You’ll find this especially true if someone else in your household is downloading large amounts of data as well as when you try streaming videos or playing online games.
This issue increases as more packets fail but also depends on how quickly your ISP responds in delivering missing ones (i.e., upload speed). For instance, if one out of every 100 packets fails to reach its destination, you might experience problems loading a webpage. However, if 10 out of every 100 fail to arrive at their destination, you’ll likely lose the entire webpage instead of only part of it.
It’s also possible for packets from your ISP to interfere with those coming from the website itself. The former contains information about your connection, while the latter displays whatever type of content you’re trying to access.
In this regard, packet loss occurs when one or more packets from either side interfere with each other. This is especially true when other users are using bandwidth on your network and during peak hours when everyone is online.
Common Forms of Packet Loss
Packet loss is one of those issues that can cause this type of behavior. There are many forms of packet loss, but the two that will be covered here are frame loss and congestion control algorithms that try to compensate for them.
Frame Loss is when some packets are dropped by the underlying sub-networks physical layer (LAN, WiFi, etc.). The amount of data sent over these layers is usually much more significant than the link can support, so some level of prioritization or error checking has to be implemented to ensure higher priority information gets through.
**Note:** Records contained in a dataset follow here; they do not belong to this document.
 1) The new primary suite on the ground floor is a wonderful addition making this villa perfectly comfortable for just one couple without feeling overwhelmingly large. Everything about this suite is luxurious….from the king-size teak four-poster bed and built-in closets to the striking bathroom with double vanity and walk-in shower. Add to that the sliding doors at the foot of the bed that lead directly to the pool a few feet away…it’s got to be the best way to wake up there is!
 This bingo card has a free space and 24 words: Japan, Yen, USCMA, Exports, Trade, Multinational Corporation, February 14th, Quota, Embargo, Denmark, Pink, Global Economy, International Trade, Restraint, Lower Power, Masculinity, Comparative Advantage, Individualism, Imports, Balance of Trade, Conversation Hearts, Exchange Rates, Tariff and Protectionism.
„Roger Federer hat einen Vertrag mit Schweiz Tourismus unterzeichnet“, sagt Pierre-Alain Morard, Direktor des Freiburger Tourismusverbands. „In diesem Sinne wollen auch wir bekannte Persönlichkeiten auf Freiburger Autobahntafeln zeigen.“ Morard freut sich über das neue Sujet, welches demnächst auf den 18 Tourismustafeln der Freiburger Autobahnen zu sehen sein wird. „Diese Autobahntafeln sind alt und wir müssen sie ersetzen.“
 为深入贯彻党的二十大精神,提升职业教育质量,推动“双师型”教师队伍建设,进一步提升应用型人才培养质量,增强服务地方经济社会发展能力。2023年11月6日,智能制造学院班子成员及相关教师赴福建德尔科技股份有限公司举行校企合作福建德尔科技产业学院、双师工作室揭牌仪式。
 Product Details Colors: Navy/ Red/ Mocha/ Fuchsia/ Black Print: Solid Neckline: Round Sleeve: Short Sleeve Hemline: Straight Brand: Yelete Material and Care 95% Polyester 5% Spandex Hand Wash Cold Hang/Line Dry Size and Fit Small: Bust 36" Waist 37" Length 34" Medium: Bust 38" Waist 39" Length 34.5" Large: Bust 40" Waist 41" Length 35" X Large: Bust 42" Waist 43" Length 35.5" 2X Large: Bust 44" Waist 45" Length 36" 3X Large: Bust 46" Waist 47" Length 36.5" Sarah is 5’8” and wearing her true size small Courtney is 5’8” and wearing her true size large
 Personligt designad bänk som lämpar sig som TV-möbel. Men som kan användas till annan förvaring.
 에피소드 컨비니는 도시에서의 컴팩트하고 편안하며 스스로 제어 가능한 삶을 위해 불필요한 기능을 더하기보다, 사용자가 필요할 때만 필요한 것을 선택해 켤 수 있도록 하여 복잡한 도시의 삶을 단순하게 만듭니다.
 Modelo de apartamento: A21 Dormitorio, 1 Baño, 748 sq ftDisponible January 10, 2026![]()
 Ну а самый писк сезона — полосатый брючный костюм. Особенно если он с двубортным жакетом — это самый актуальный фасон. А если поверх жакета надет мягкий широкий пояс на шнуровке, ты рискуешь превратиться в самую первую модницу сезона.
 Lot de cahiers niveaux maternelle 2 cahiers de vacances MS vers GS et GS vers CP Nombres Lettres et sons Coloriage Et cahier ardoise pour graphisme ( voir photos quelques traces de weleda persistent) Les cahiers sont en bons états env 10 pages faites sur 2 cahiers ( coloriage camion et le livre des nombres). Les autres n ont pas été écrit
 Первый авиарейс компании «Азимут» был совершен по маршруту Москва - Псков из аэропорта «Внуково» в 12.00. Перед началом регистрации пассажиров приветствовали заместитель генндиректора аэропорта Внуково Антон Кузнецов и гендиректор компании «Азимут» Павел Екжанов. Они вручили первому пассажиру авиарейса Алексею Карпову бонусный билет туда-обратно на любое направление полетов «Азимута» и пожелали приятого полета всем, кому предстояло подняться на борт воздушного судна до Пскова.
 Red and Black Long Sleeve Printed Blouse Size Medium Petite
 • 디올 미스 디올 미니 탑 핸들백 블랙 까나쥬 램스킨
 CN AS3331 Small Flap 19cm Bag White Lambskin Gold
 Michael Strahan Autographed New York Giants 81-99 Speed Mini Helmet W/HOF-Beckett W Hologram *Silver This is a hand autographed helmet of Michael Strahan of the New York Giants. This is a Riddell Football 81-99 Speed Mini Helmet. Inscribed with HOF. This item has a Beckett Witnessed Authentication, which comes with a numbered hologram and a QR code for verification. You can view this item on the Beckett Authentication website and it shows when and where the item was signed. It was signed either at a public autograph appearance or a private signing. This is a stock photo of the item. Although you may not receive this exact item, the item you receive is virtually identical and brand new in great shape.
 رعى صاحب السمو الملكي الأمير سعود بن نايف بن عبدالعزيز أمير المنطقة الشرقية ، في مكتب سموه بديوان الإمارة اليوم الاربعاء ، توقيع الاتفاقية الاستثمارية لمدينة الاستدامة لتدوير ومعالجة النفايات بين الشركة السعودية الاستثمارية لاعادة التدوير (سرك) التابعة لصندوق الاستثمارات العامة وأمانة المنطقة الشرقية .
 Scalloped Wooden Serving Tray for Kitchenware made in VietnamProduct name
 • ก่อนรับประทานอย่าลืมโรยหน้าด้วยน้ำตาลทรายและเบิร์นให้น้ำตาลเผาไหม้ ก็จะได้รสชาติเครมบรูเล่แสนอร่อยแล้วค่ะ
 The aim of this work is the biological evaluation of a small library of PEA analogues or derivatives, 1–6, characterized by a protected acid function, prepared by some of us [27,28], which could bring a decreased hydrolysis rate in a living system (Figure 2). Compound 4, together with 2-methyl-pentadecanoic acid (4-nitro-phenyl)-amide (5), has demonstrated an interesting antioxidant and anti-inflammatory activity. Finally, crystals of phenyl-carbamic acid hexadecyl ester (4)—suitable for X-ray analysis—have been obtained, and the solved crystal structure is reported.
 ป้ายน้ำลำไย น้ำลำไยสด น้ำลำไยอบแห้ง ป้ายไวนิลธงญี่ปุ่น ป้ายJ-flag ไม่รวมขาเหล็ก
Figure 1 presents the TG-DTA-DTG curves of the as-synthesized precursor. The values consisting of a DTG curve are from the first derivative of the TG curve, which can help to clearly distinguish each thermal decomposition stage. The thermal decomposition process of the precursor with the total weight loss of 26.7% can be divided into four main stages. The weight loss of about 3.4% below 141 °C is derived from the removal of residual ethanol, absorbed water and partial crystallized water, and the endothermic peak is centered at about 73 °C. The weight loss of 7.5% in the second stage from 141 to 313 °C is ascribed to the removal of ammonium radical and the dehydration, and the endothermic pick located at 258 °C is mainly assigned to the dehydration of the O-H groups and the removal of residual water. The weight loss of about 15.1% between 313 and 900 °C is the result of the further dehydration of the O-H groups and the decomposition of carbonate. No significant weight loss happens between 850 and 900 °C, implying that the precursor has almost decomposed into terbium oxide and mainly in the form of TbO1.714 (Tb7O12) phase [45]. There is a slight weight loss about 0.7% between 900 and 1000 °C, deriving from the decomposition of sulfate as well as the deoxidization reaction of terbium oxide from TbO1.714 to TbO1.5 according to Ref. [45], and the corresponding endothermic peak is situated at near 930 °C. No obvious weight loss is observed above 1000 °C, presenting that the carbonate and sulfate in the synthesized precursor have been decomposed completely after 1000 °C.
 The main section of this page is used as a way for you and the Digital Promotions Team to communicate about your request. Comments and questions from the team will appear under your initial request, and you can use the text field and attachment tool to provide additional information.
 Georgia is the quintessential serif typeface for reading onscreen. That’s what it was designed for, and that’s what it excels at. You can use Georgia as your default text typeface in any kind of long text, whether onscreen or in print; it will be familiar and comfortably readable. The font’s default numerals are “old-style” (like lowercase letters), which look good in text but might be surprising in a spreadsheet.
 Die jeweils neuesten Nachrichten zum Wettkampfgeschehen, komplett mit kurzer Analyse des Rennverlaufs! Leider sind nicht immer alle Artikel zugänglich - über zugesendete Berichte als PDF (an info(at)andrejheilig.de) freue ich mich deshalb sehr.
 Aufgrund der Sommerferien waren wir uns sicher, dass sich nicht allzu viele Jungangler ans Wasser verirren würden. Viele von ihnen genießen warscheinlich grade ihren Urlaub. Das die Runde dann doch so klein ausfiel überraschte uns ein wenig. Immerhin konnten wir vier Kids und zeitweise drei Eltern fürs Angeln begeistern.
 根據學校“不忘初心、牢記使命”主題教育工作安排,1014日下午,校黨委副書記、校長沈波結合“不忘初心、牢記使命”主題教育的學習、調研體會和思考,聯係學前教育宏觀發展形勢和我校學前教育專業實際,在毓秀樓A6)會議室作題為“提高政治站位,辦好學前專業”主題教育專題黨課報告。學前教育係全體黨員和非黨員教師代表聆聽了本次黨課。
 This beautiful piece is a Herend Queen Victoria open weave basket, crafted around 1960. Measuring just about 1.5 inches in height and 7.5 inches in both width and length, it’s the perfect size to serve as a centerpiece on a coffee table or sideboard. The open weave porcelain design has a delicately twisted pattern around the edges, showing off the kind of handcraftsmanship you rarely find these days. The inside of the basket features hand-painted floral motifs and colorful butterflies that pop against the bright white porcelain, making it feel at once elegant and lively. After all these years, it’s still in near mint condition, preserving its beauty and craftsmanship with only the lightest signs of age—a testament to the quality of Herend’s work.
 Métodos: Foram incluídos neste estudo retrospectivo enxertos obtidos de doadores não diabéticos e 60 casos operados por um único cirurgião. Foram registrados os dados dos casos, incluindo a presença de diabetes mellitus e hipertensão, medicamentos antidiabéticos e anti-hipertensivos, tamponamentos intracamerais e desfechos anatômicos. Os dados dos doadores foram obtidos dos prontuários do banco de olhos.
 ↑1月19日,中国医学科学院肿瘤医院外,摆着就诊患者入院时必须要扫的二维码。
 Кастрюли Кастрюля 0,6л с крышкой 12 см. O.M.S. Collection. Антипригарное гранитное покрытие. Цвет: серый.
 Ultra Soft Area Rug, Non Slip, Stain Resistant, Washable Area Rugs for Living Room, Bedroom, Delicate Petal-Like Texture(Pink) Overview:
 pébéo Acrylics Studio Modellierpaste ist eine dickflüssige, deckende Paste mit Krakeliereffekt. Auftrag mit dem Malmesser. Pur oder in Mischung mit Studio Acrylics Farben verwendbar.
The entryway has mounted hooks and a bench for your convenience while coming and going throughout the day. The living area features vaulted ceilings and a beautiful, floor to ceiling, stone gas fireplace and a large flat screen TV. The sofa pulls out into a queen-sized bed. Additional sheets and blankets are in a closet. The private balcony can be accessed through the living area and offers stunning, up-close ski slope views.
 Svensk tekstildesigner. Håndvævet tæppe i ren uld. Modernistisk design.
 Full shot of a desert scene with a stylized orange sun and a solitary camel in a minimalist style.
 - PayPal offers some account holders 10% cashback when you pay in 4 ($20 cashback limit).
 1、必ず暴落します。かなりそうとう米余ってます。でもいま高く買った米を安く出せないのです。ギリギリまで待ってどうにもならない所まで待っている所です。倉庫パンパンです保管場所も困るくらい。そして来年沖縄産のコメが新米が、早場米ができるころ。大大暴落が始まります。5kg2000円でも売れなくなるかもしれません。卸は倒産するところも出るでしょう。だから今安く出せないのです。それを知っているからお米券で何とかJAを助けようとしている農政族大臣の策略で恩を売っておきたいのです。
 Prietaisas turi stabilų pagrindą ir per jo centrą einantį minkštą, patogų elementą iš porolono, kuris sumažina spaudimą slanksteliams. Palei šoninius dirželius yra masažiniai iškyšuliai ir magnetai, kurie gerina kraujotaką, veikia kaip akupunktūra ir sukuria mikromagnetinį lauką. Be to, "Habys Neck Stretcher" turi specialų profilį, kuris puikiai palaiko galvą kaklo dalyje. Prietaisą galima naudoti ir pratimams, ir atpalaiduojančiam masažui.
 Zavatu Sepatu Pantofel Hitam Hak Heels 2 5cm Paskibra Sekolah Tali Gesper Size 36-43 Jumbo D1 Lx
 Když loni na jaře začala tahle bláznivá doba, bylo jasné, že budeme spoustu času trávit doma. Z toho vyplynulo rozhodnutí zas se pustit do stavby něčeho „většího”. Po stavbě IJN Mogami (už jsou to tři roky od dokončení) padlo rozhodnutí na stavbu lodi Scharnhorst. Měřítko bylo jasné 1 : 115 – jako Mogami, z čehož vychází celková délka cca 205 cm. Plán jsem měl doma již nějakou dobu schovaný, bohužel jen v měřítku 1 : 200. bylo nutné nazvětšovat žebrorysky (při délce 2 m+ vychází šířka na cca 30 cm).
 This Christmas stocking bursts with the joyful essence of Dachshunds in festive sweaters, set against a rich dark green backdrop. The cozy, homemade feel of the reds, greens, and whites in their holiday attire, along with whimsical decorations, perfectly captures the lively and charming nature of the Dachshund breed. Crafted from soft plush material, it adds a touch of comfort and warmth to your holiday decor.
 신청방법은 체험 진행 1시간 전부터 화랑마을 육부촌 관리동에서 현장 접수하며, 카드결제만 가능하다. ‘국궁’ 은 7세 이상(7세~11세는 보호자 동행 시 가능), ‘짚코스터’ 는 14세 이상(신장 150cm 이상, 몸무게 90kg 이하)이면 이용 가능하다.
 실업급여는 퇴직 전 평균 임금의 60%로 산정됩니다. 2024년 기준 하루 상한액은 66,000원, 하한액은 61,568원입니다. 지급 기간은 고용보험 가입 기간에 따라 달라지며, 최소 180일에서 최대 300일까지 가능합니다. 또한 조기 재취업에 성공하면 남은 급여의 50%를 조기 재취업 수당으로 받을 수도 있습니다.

Congestion Control Algorithms
Congestion Control Algorithms are used in an attempt to combat Frame Loss on modern networks. A dropped packet in a TCP session results in retransmission by the sender. This is costly to both sides of the connection. The sender wastes time waiting for a timeout before resending, and the receiver has to wait for another entire round trip before it can get an update on where things are at.
The congestion control algorithms try to address this problem by monitoring how many packets get dropped and adjusting accordingly. Instead of waiting for a timeout after each dropped packet, they will increase their transmission rate over time if they detect that packets are declining rapidly. If they don’t drop or drop slowly then they will continue transmitting at the same rate as before.
Many congestion control algorithms try to address this. Some of the most commonly used ones are listed below:
New Reno: This is one of the oldest algorithms still in use today. It’s a bit more aggressive than others, so you will have to experiment with it if you choose to implement it.
Westwood+: This algorithm is part of what goes into making something like VOIP work well on your network. It tries to avoid filling up queues at either end while still transmitting as much data as possible while using less energy for transmission.
BIC: This is short for Binary Increase Congestion control and was created by the same people who wrote CUBIC. It’s a good choice for avoiding congestion due to large downloads or streaming video.
CUBIC: Another very popular choice is CUBIC which has been around since 2007. It uses Westwood+ under the covers and considers whether the link is symmetric in nature or not. If you are running over WiFi, this can be a big issue, so it might be worth looking into if you find that your network speed often fluctuates when watching online videos.
Aim DC: If the streaming video is your main concern, this might be your choice. It will throttle back the packet loss on high bandwidth links while not impacting low bandwidth links that do not need to transmit as much data.
H-TCP: This modification of TCP avoids some of its previous issues, like reordering packets during congestion. It accomplishes this by changing the way the sender chooses its transmission rate, which helps prevent some types of problems with dropped packets.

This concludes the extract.